If I speak in the tongues of men and of angels, but have not love, I am a noisy gong or a clanging cymbal. And if I have prophetic powers, and understand all mysteries and all knowledge, and if I have all faith, so as to remove mountains, but have not love, I am nothing. If I give away all I have, and if I deliver up my body to be burned, but have not love, I gain nothing. (1 Corinthians 13:1-3, ESV)
We're nearing the end of the sojourn discussing Lent and the Christian disciplines. Only one more class remains and this week was the second discussion on study. I was particularly influenced by some writing by Francis Chan regarding the goal of study and how we relate to the world around us. A core question was, "When people are around you, do they get glimpses of God? Or do they just see a lot of knowledge?"
Taking this question to heart, I have to ask myself, "To what end do I do my study?" I've said all along, the practice of disciplines - whether in conjunction with Lent or not - is to deepen my relationship with God. But if I'm seeking to go deeper without any regard to what others see, then I'm doing what Paul warns about in the 1 Corinthians passage. I'm a lot of noise with no real substance.
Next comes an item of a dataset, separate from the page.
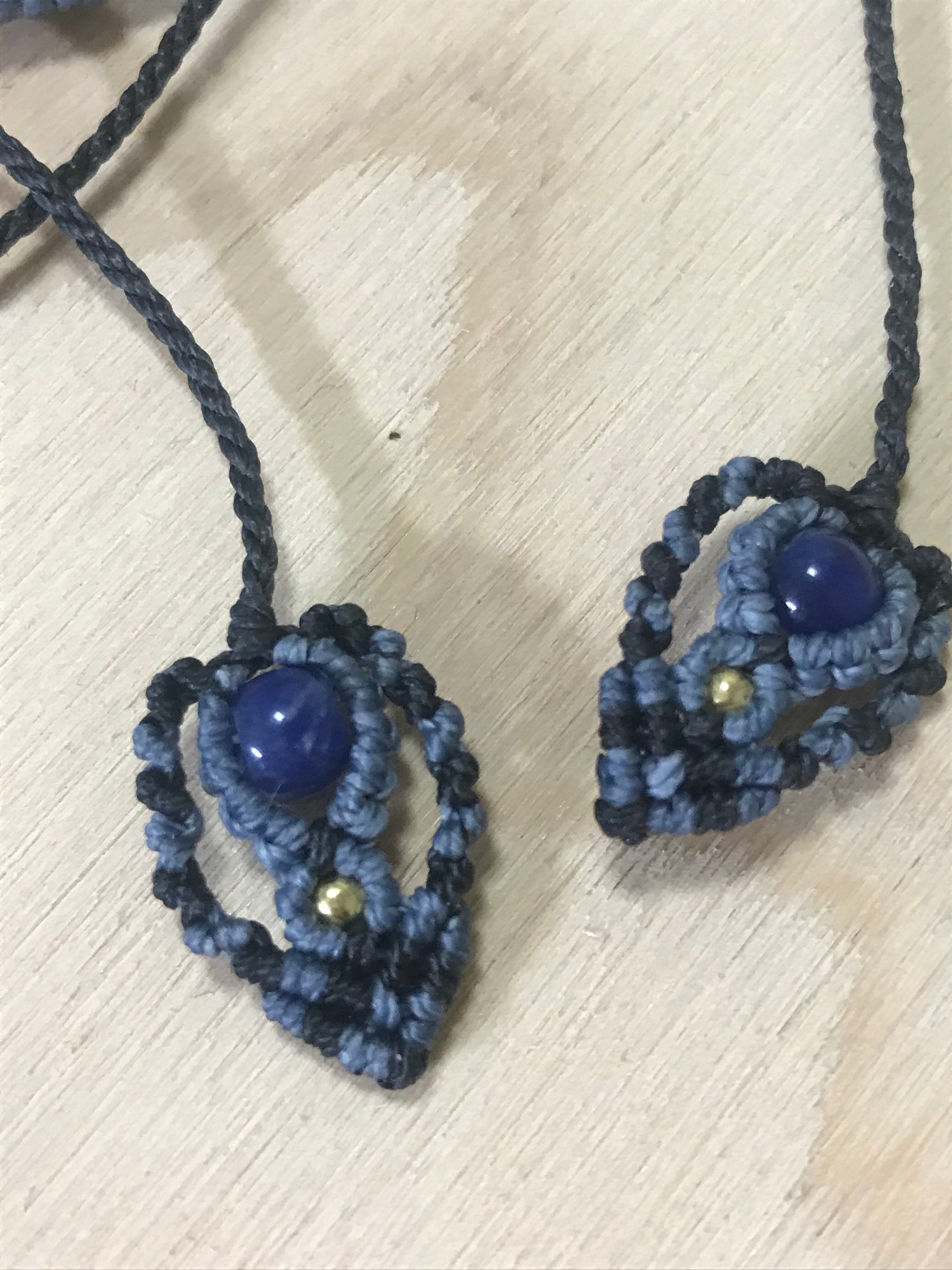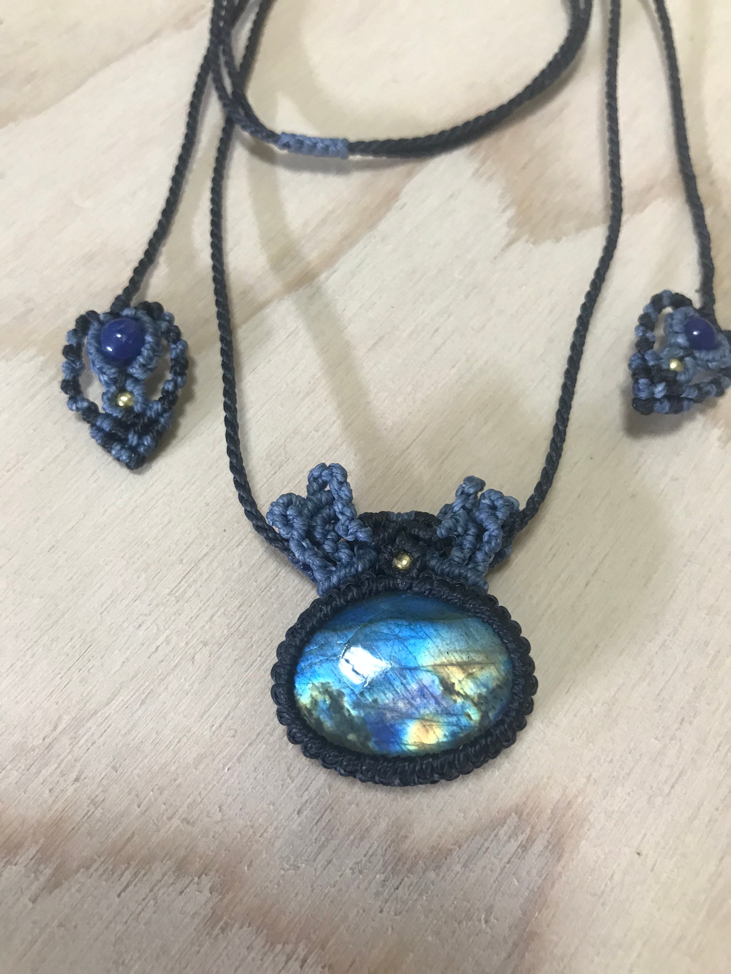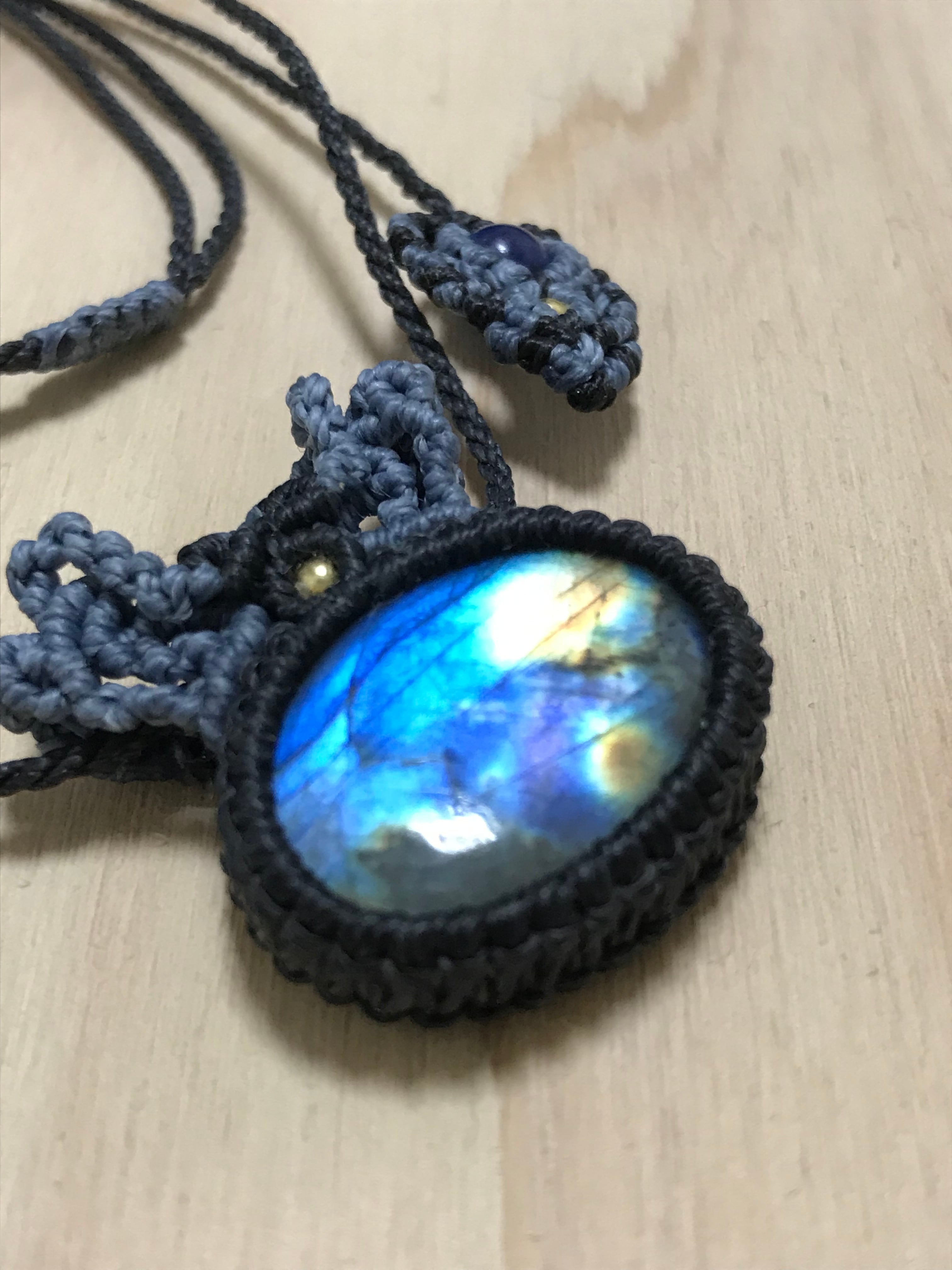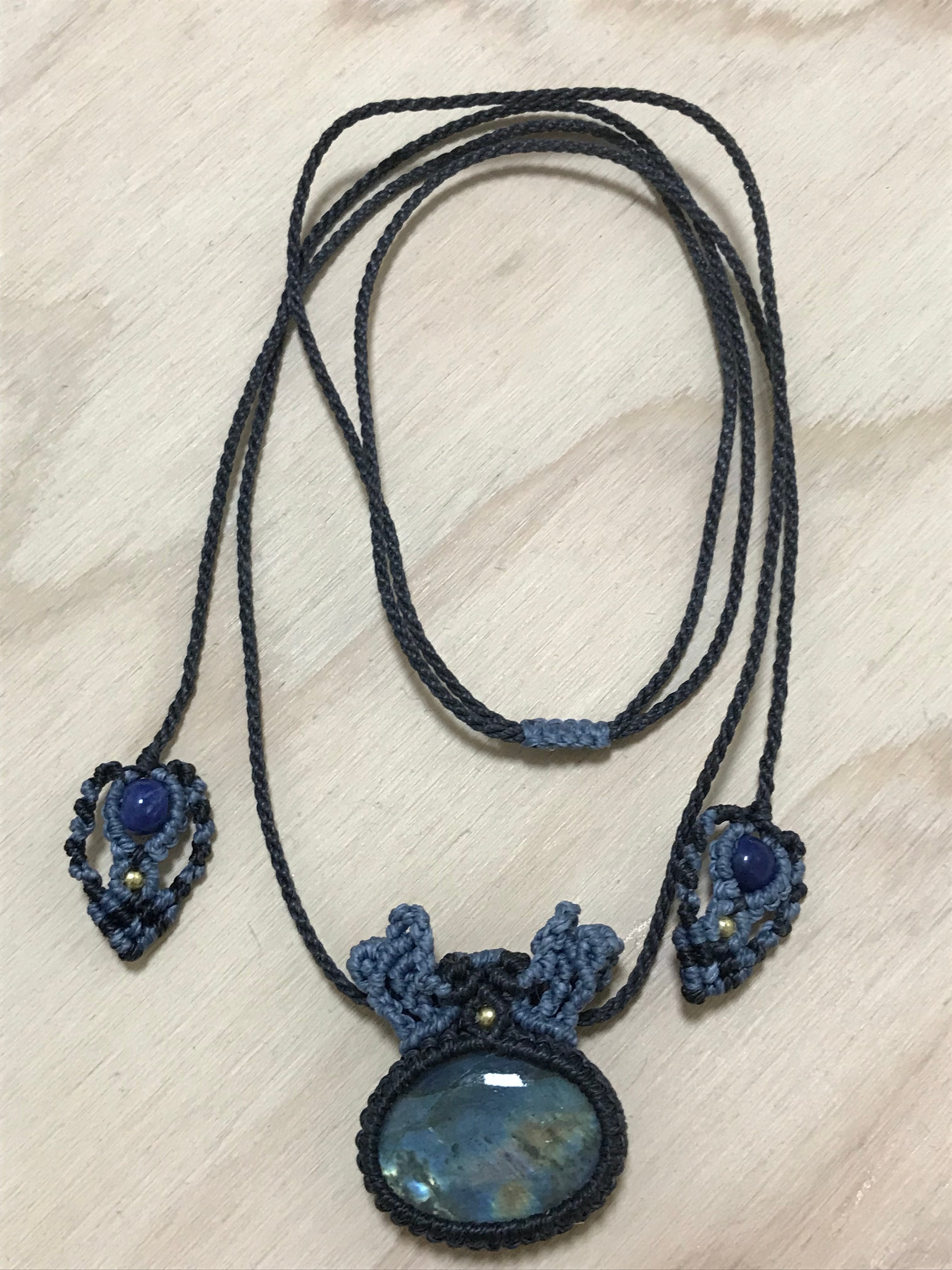 こちらは「ラブラドライト」のマクラメ編みネックレです。

Practice of the disciplines is a good thing. Study, the kind that digs deep and seeks to learn and apply something that will truly change my life, is also a very good aim. But if that life is changed only in a superficial way, then Paul is correct - "I am nothing." My focus needs to seek to strengthen my relationship with my Father and extend my reach to my brothers and sisters.
Along my travels on this Crooked Path, hen a dark, lost world sees me they should see Christ. As Chan says, when I encounter someone, I need ask the question, "How can I lift up this person with the knowledge I have?" Anything else, is just a noisy gong.